======== Supplied records ========
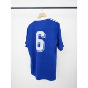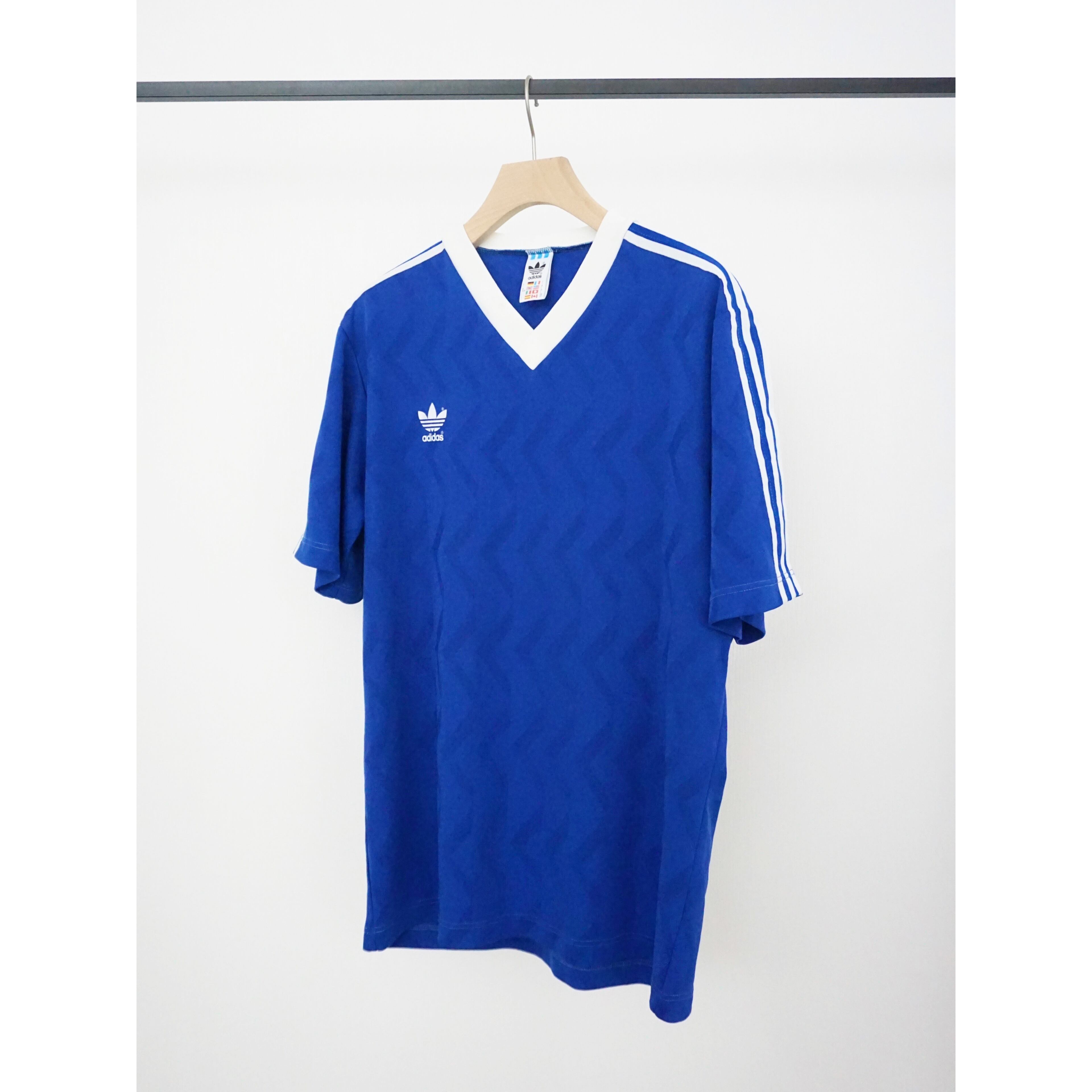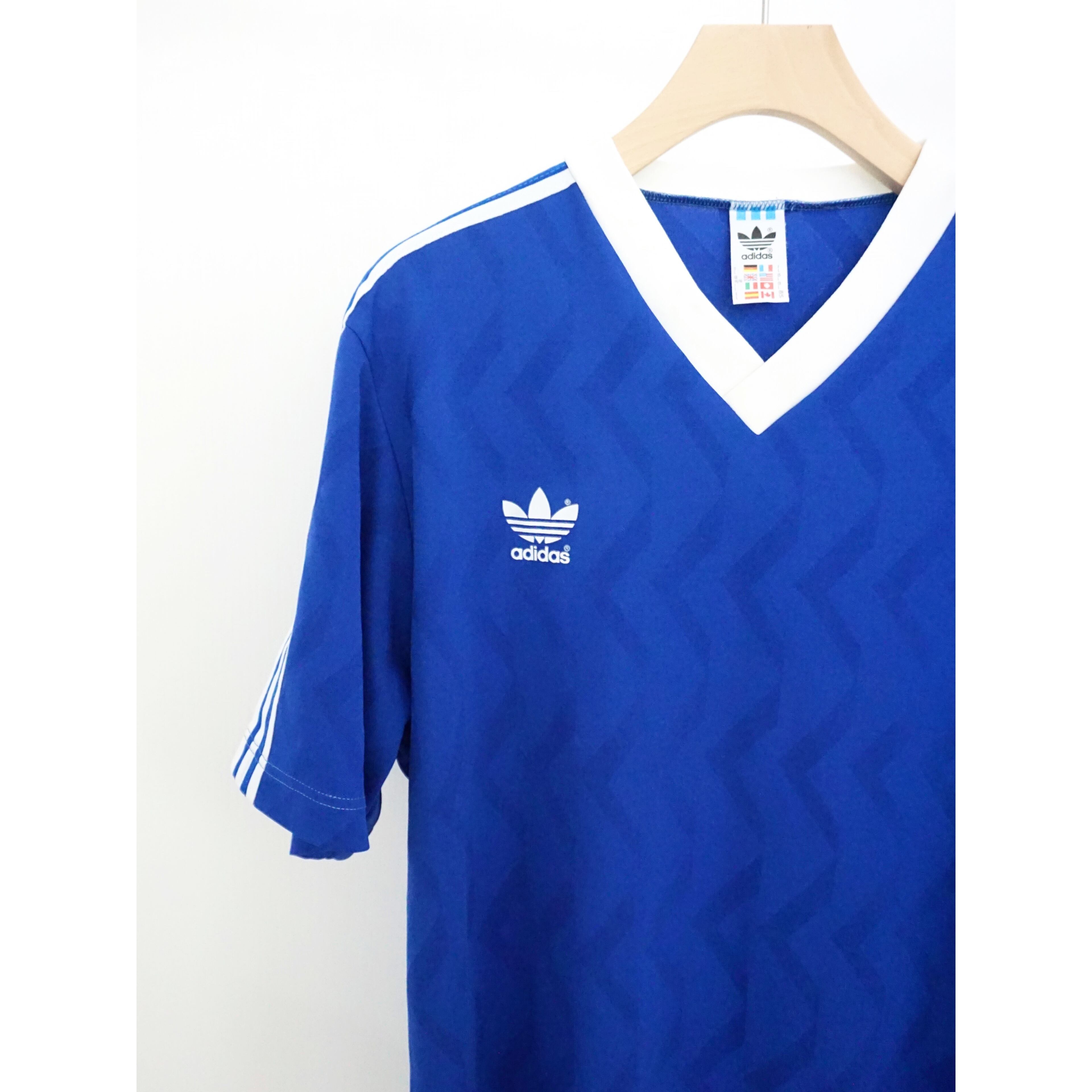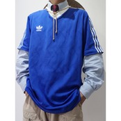 ブルーボディにホワイト三本ラインのクリーンな配色◎よく見ると、うっすらと波の様な柄が同色で入ります。胸元にトレフォイルロゴ、背面はフロッキーライクなプリントでナンバリング6。
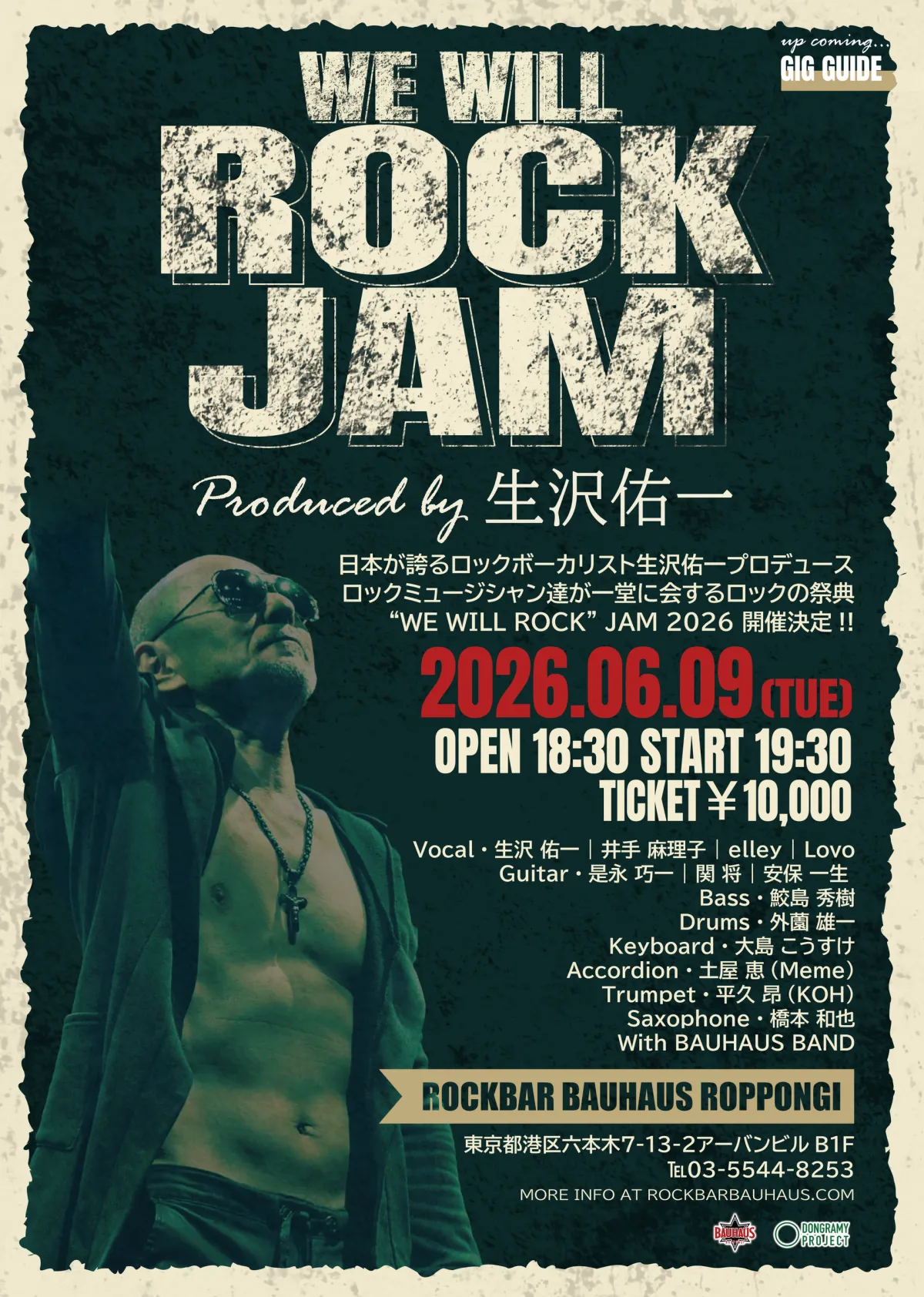 2026年6月9日、東京六本木のライブハウスROCKBAR BAUHAUSで、ロックファン必見の特別な音楽イベント『WE WILL ROCK JAM 2026』が開催されることが決まった。このイベントは、日本を代表するロックボーカリストである生沢佑一がプロデュースし、ボーカルを務めるもので、豪華なミュージシャンたちが集結し、ハードロックをはじめとする多様なジャンルの名曲を新たな形で再現するJAMセッションが展開される。
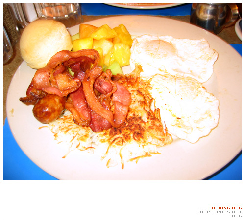 달걀, 해쉬 포테이토, 소세지, 베이컨, 과일, 그리고 정말 맛났던 홈메이드 비스킷.
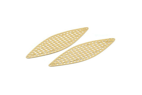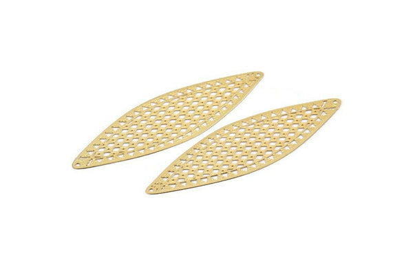 Gold Plated Brass Textured Marquise Earring Charms With 2 Holes Pendants
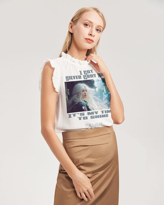 Beautiful white woman my time to shine Women's All-Over Print Ruffle Sleeve Top
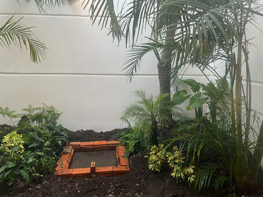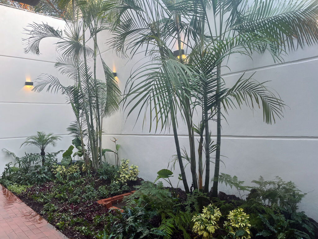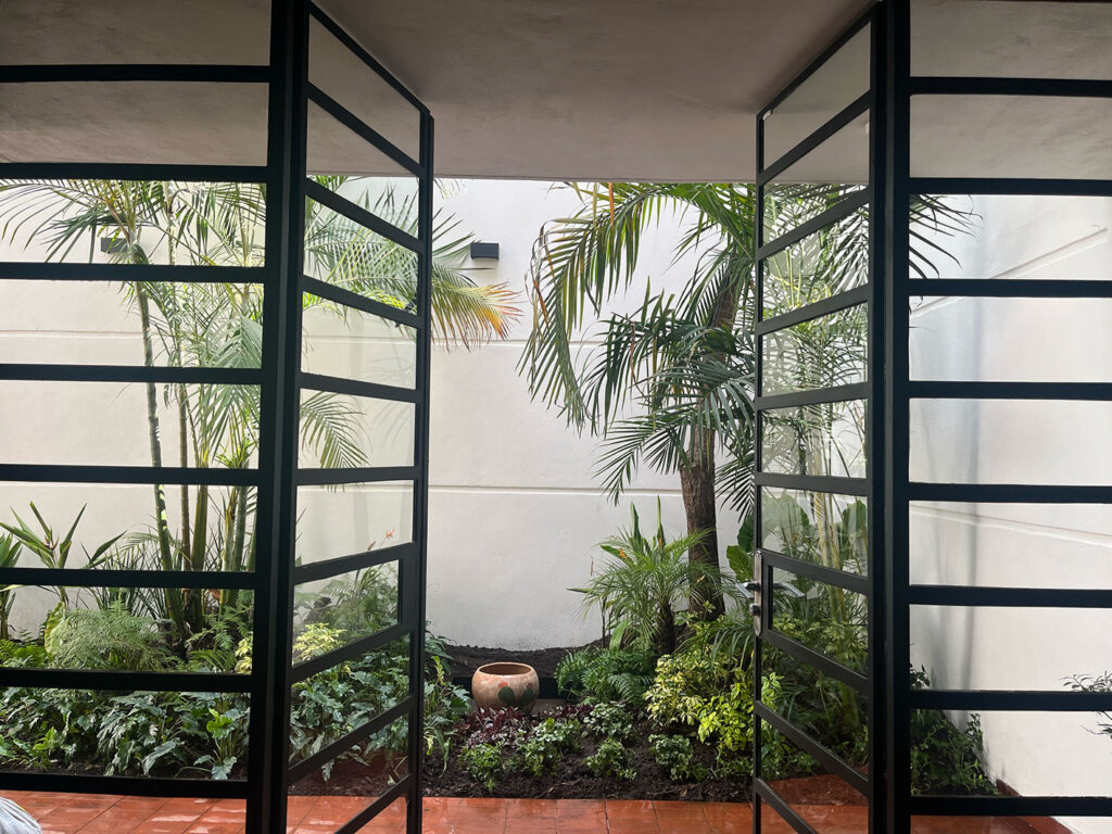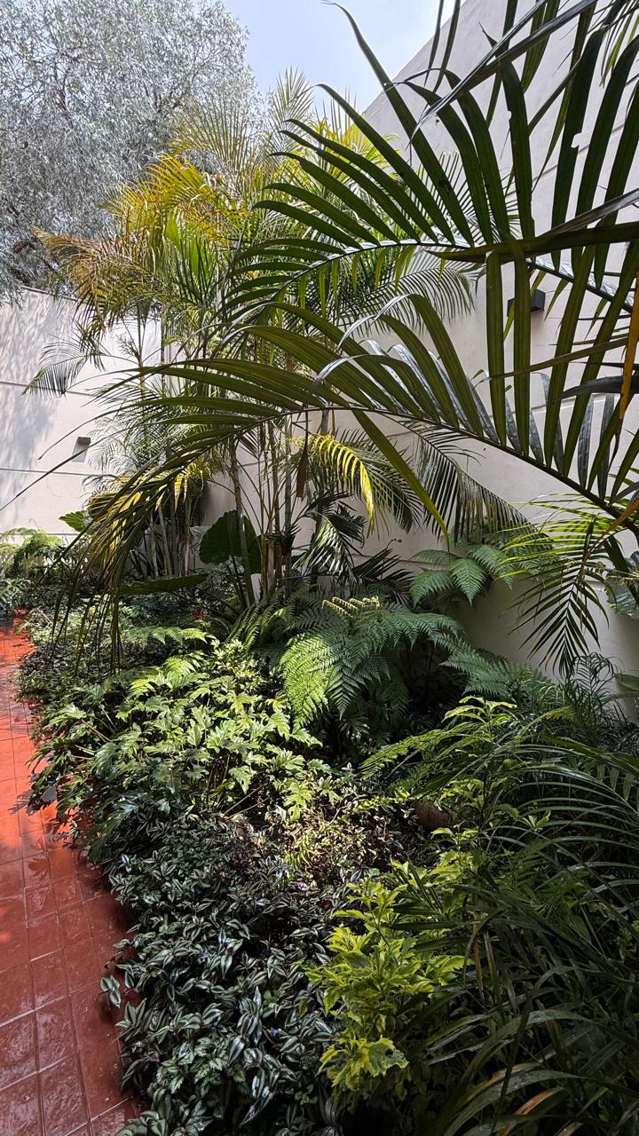 Casa remodelada en el tradicional barrio de Coyoacán, donde se respetaron las Palmas originales que había en el terreno, como eje de un patio interior diseñado en función de las condiciones de sombra propias del sitio. La selección vegetal y la composición espacial generan un ambiente fresco, íntimo y en armonía con la arquitectura de la casa que se aprecia desde los bellos ventanales de las áreas comunes de la vivienda.
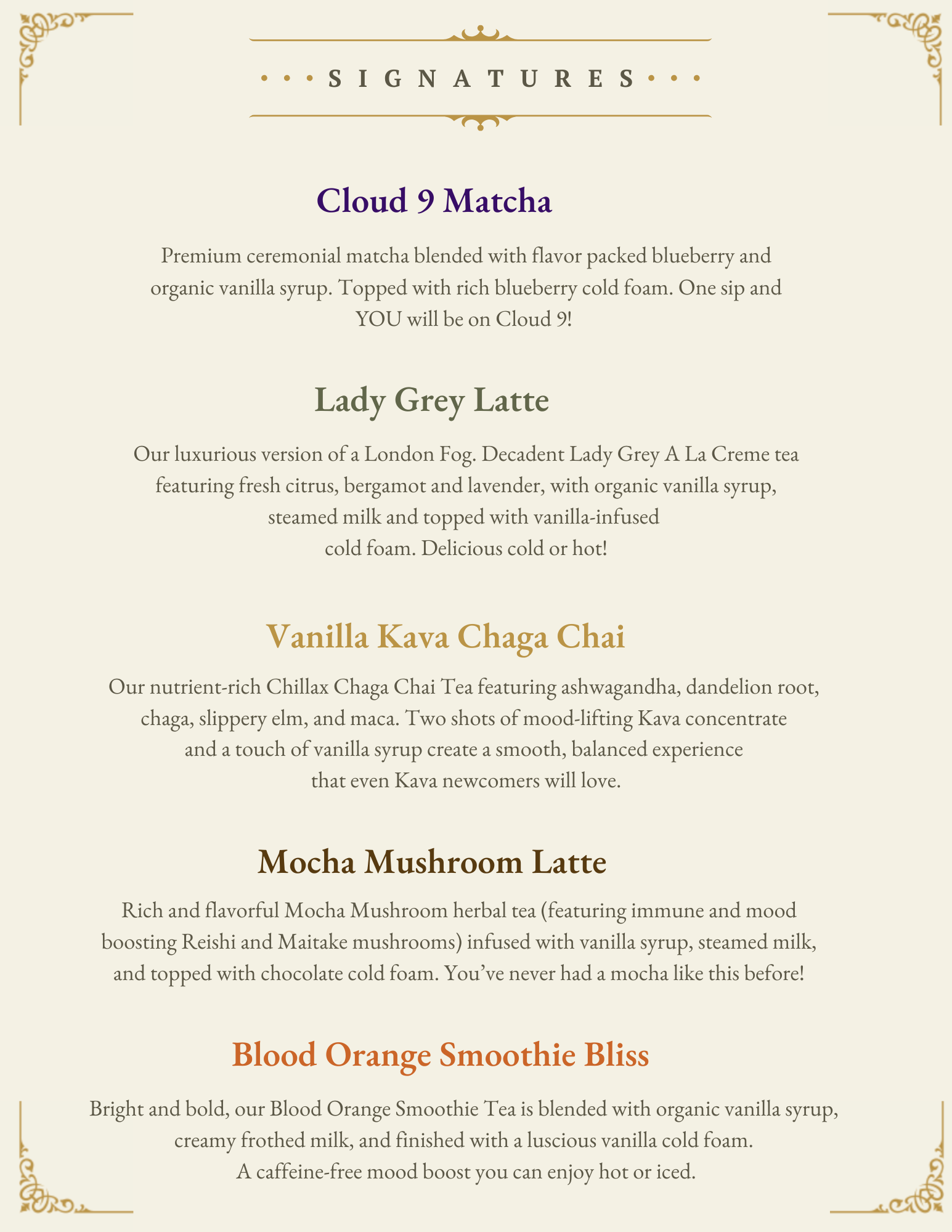 Whether you’re here for a calming cup of herbal tea, an energizing matcha latte, or one of our seasonal specialties, each beverage is crafted with care.
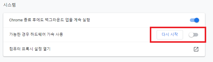 그리고 아래 이미지와 같이 가능한 경우 하드웨어 가속 사용을 꺼 주시고 다시 시작을 합니다.
========
▶ **Task directions**
What is needed here is an exact repetition of the listing above, pictures excluded.

▶ **Response area**
 ブルーボディにホワイト三本ラインのクリーンな配色◎よく見ると、うっすらと波の様な柄が同色で入ります。胸元にトレフォイルロゴ、背面はフロッキーライクなプリントでナンバリング6。
 2026年6月9日、東京六本木のライブハウスROCKBAR BAUHAUSで、ロックファン必見の特別な音楽イベント『WE WILL ROCK JAM 2026』が開催されることが決まった。このイベントは、日本を代表するロックボーカリストである生沢佑一がプロデュースし、ボーカルを務めるもので、豪華なミュージシャンたちが集結し、ハードロックをはじめとする多様なジャンルの名曲を新たな形で再現するJAMセッションが展開される。
 달걀, 해쉬 포테이토, 소세지, 베이컨, 과일, 그리고 정말 맛났던 홈메이드 비스킷.
 Gold Plated Brass Textured Marquise Earring Charms With 2 Holes Pendants
 Beautiful white woman my time to shine Women's All-Over Print Ruffle Sleeve Top
 Casa remodelada en el tradicional barrio de Coyoacán, donde se respetaron las Palmas originales que había en el terreno, como eje de un patio interior diseñado en función de las condiciones de sombra propias del sitio. La selección vegetal y la composición espacial generan un ambiente fresco, íntimo y en armonía con la arquitectura de la casa que se aprecia desde los bellos ventanales de las áreas comunes de la vivienda.
 Whether you’re here for a calming cup of herbal tea, an energizing matcha latte, or one of our seasonal specialties, each beverage is crafted with care.
 그리고 아래 이미지와 같이 가능한 경우 하드웨어 가속 사용을 꺼 주시고 다시 시작을 합니다.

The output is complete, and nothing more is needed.